Exercise requirements: Repeat the data exactly. Pictures stay out.

Provided material:
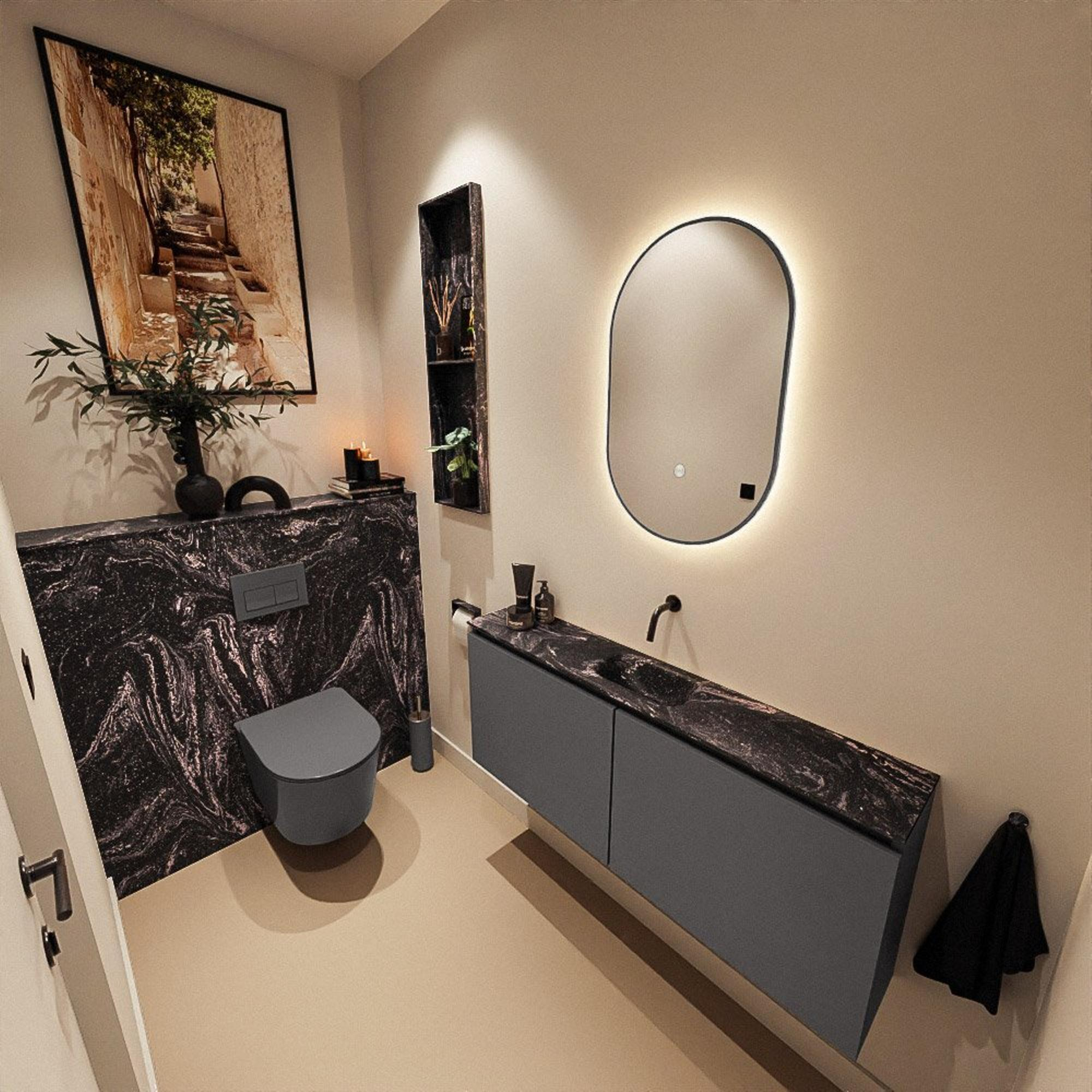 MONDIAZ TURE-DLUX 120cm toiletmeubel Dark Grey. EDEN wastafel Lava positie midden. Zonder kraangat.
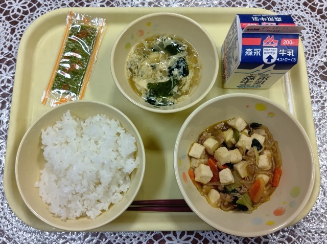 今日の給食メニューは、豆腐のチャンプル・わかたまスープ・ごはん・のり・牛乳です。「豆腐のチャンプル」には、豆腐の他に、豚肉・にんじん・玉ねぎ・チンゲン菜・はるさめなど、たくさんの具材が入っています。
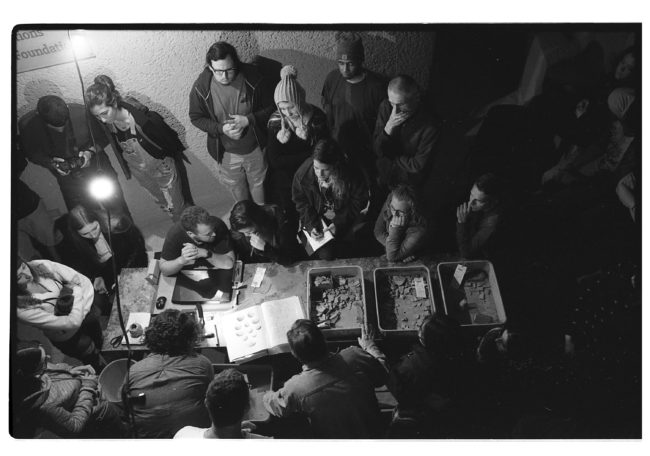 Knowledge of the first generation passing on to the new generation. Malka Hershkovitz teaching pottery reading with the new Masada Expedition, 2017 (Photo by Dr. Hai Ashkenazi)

Result of this exercise:
 MONDIAZ TURE-DLUX 120cm toiletmeubel Dark Grey. EDEN wastafel Lava positie midden. Zonder kraangat.
 今日の給食メニューは、豆腐のチャンプル・わかたまスープ・ごはん・のり・牛乳です。「豆腐のチャンプル」には、豆腐の他に、豚肉・にんじん・玉ねぎ・チンゲン菜・はるさめなど、たくさんの具材が入っています。
 Knowledge of the first generation passing on to the new generation. Malka Hershkovitz teaching pottery reading with the new Masada Expedition, 2017 (Photo by Dr. Hai Ashkenazi)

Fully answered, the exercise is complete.